Beginning with the line that has "2013年12月30日,國家" and ending with the line that has "إعلان عن مناقشة", retype the entries below exactly, except for the pictures.

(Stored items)

··········

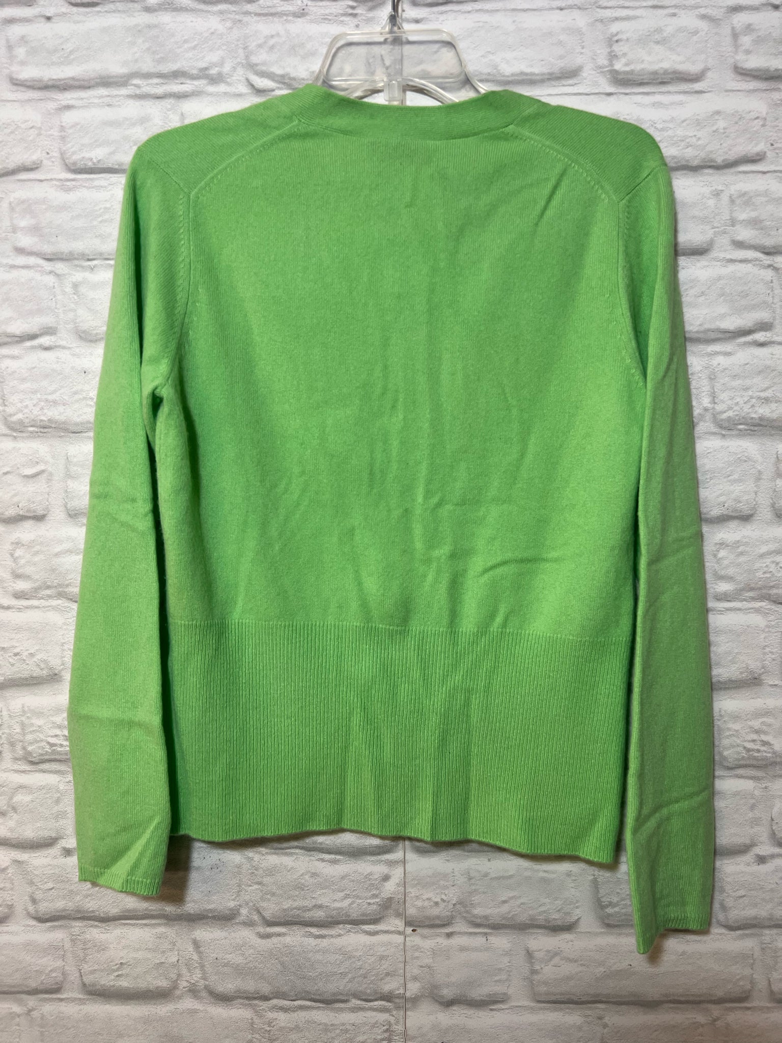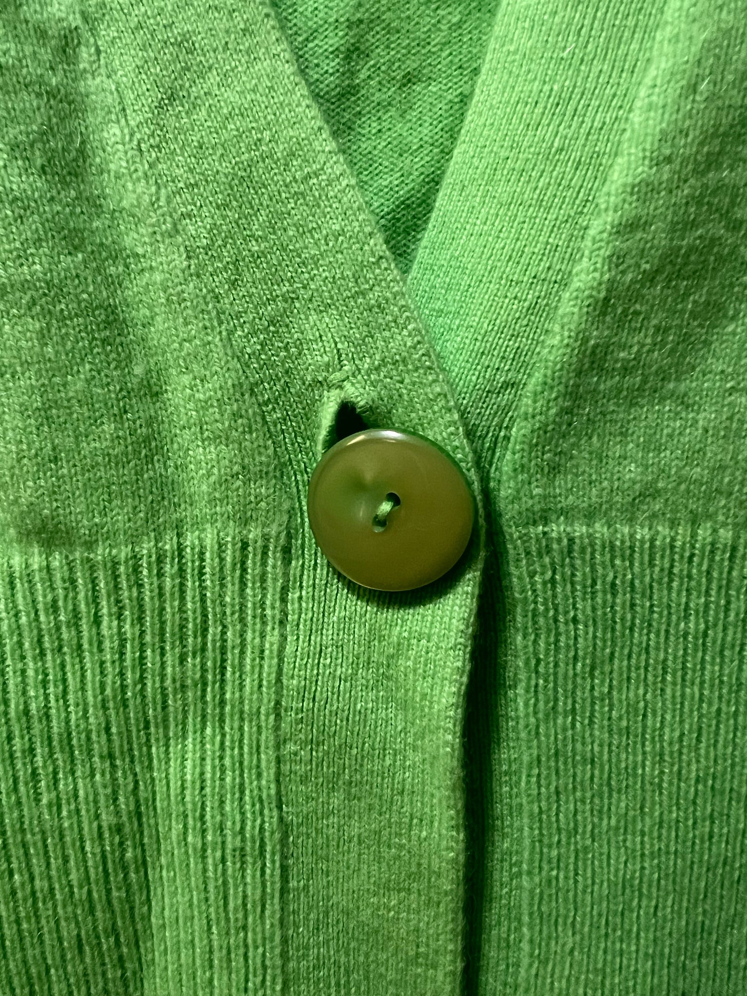 One-button cashmere cardigan in a pretty light green. Long sleeves, super soft!
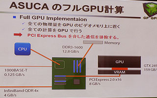 今回の青木教授らの研究では、WRFと同等の次世代気象モデルとして気象庁が開発中の「ASUCA」のプログラム全体をGPU化し、学内のスーパーコンピューター「TSUBAME1.2」に搭載されているGPUシステムで動作させた。具体的には、シングルGPUで44.3ギガFLOPS(CPUの1コアに対して約80倍の性能)、さらに120個のGPUを並列利用することで3.22テラFLOPSの実行性能を達成した。2キロメートルの格子間隔で、日本列島全土を含む「3164×3028×48」の計算格子を用いると、120GPUで実際の6時間分の気象現象が70分で解析できたことになる。
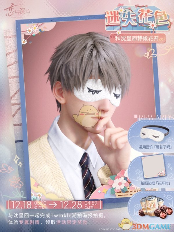 1、与沈星回一起根据照相馆员工OTTO-PHO的提示完成海报拍摄,达到指定星级即可领取通用面饰「睡着了吗」、拍照边框「花开时」、「黑电能量·重磅」及「快乐巧克力」奖励。
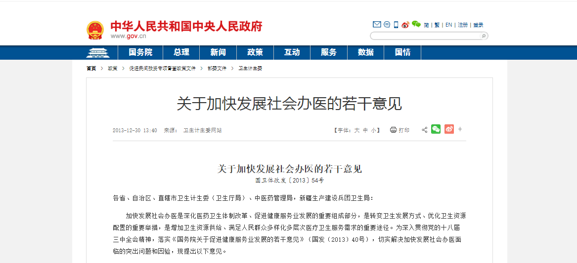 2013年12月30日,國家衛生計生委與國家中醫藥管理局共同發布《關于加快發展社會辦醫的若干意見》(以下簡稱《意見》)。該《意見》強調,加快發展社會辦醫智慧醫療是增加衛生資源供給、滿足人民群眾多樣化多層次醫療衛生服務需求的重要途徑。
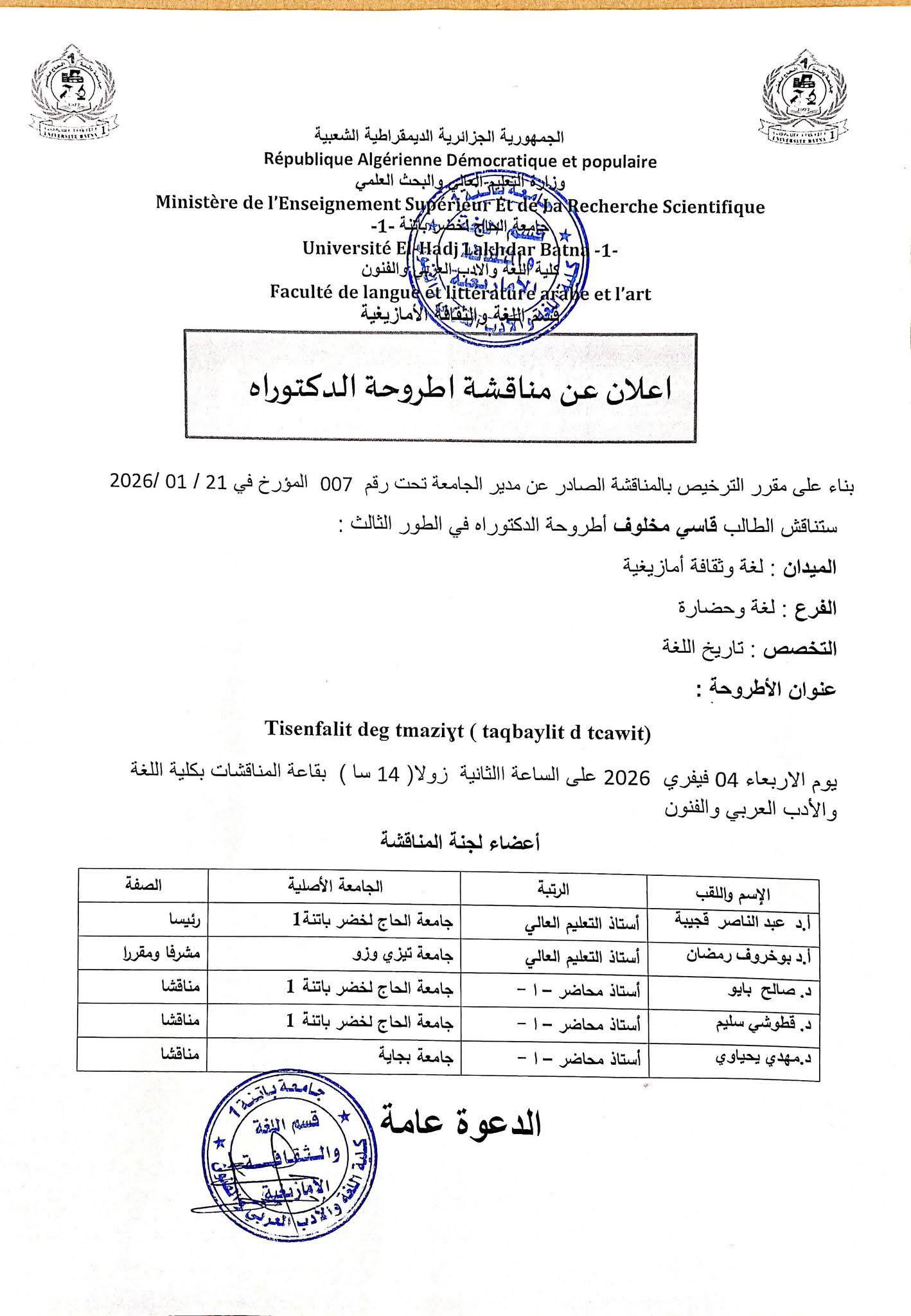 إعلان عن مناقشة أطروحة دكتوراه للطالب : قاسي مخلـوف
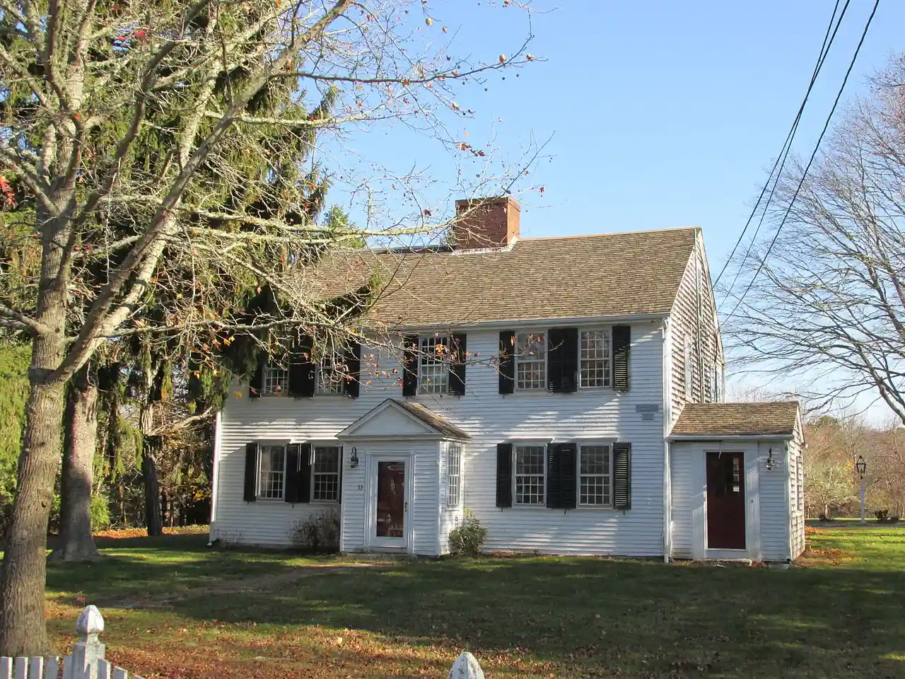 The Elnathan Nye House is a historic house at 33 Old Main Road in North Falmouth, Massachusetts. The oldest portion of this -story house was built c. 1735; it was extended to its present five-bay facade in 1772. The interior of the house is particularly well preserved, with three extant beehive ovens, plaster-and-lath walls, and period wood paneling. The property's barn may also date to the 18th century. Elnathan Nye, the builder, was a prominent local citizen. Read more on Wikipedia
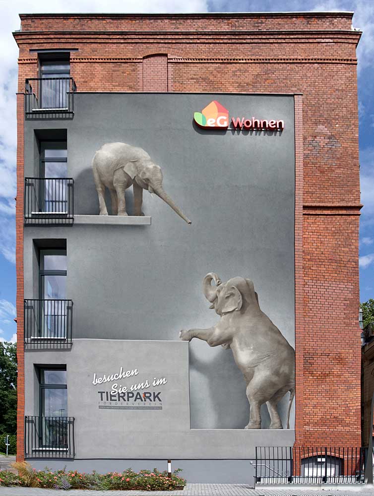 Bild-Nr. e0223854: "Besuchen Sie den Tierpark" Wandbild der Cottbuser Künstlergemeinschaft "Strauss & Hillegaart" am Gebäude Franz-Mehring-Straße 18, einem Wohnhaus der Genossenschaft "eG Wohnen" / Übergabe am 27.06.2014 / Größe: 8 x 12 Meter / Die Initiative für diese gelungene "Kunst am Bau" ging vom Tierpark-Förderverein und dem Wohnungsunternehmen aus. Zwei Wochen Arbeit stecken in diesem Projekt.
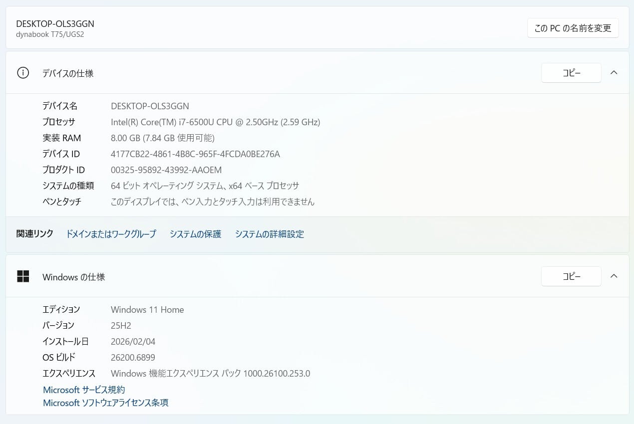 ・OS:Windows11 Home/25H2(ライセンス認証・Windows update済)
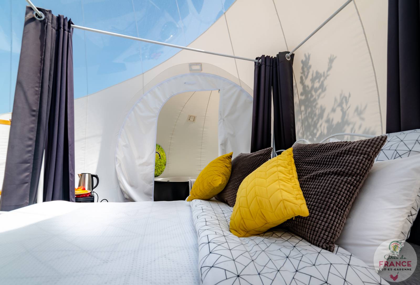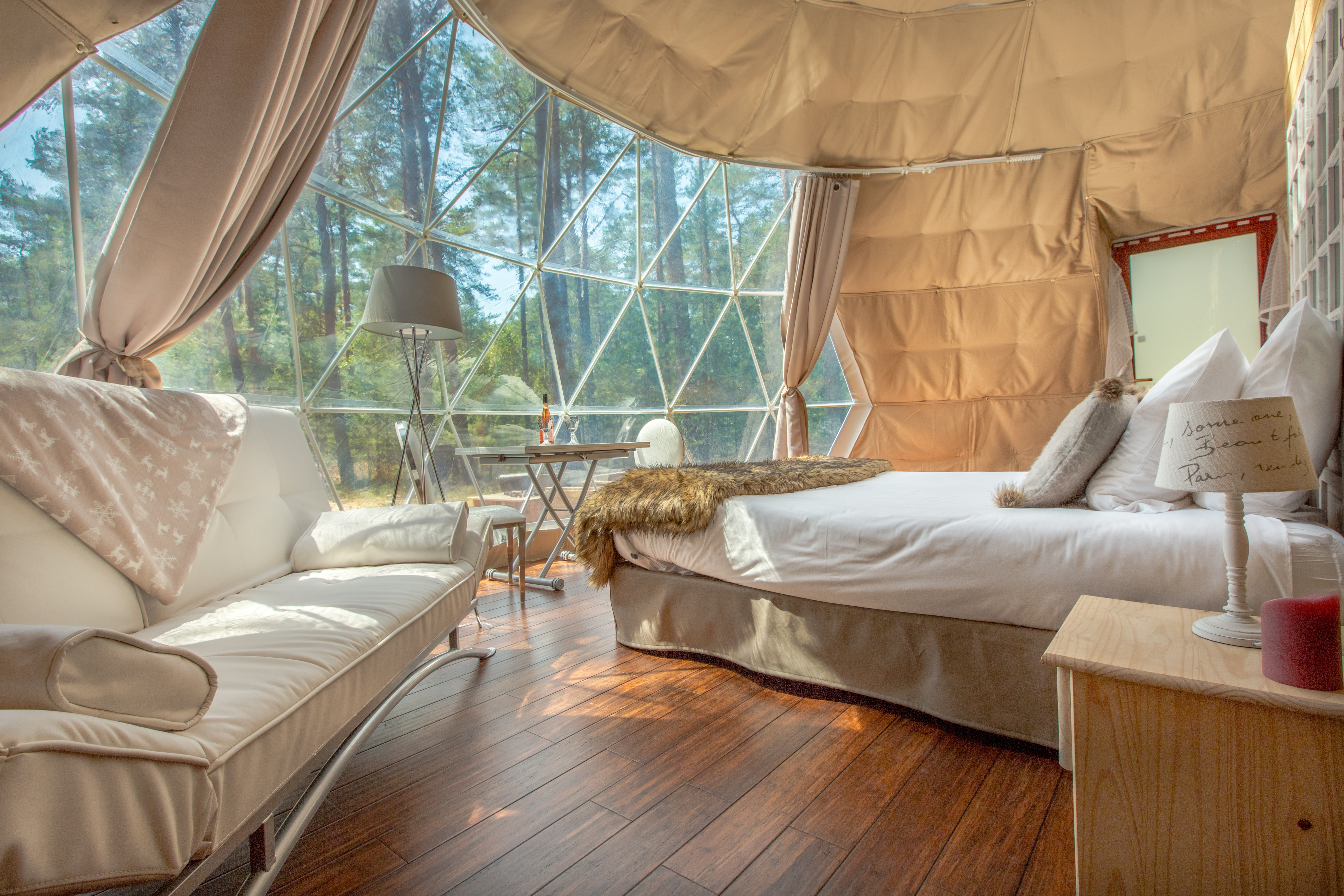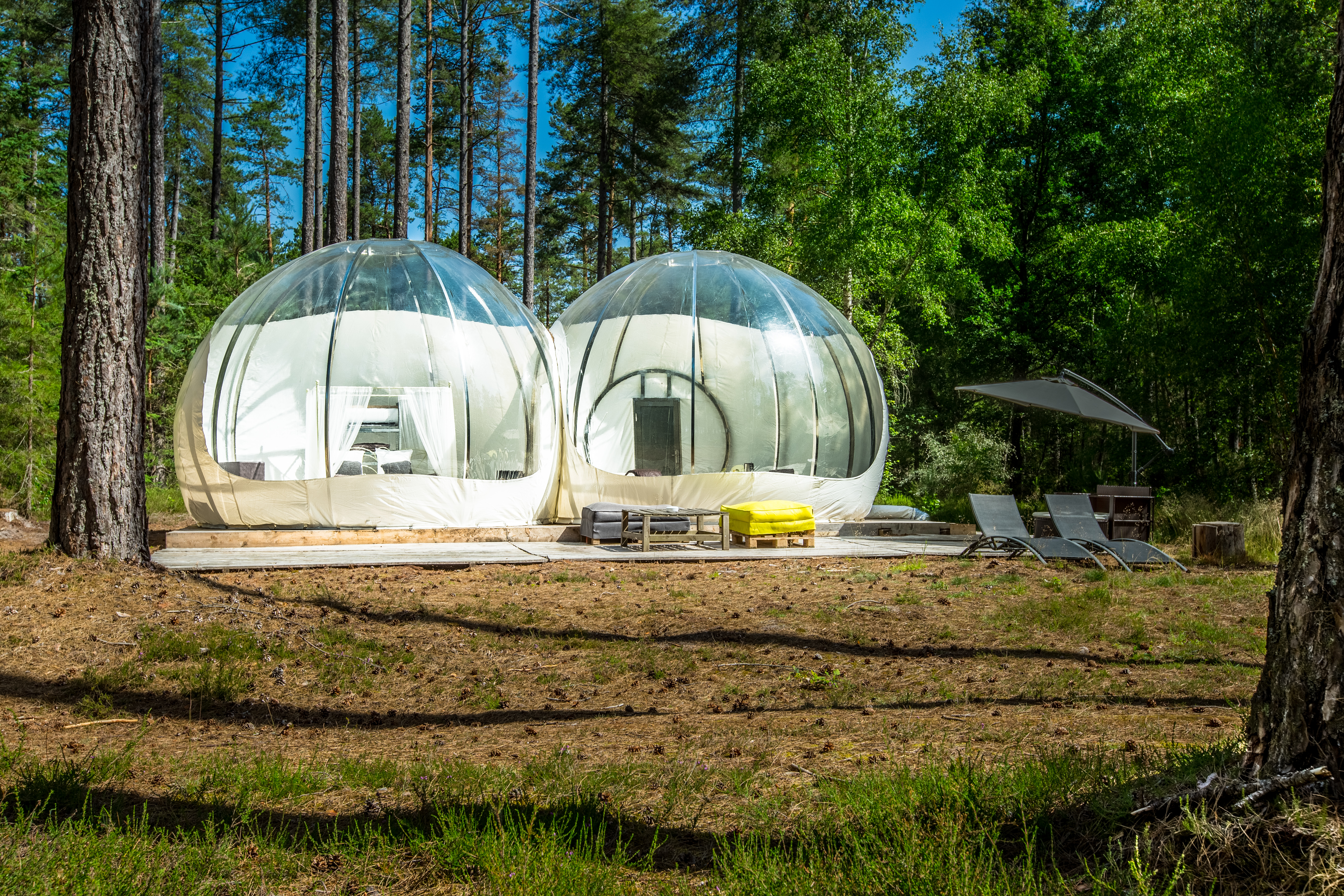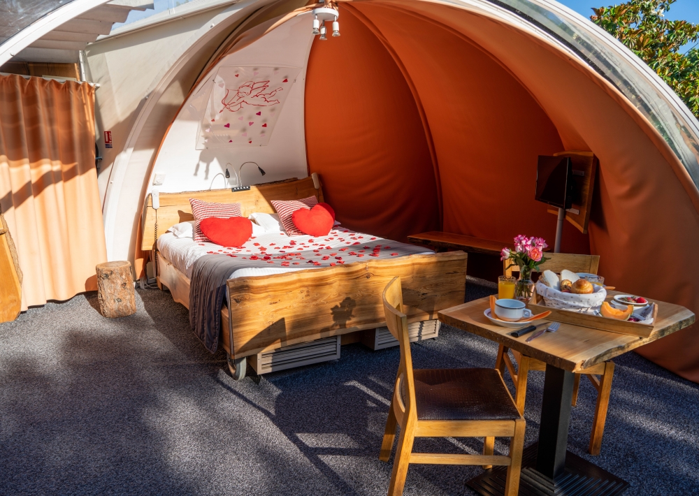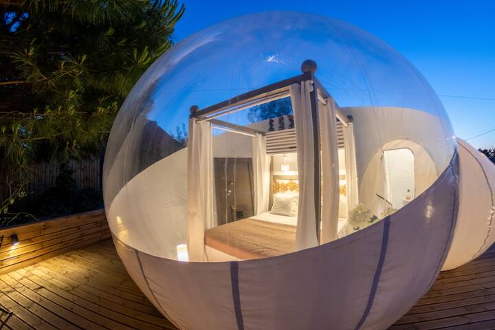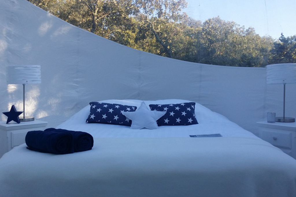 Lit queen size la bulle transparente dispose dun lit de 160 x 200 cm pour un maximum de confort. Nous fabriquons louons et vendons nos spheres. Nos petits dejeuner repas et autre options vous sont servis directement au sein de votre bulle.

··········

■ Response to the task
 2013年12月30日,國家衛生計生委與國家中醫藥管理局共同發布《關于加快發展社會辦醫的若干意見》(以下簡稱《意見》)。該《意見》強調,加快發展社會辦醫智慧醫療是增加衛生資源供給、滿足人民群眾多樣化多層次醫療衛生服務需求的重要途徑。
 إعلان عن مناقشة أطروحة دكتوراه للطالب : قاسي مخلـوف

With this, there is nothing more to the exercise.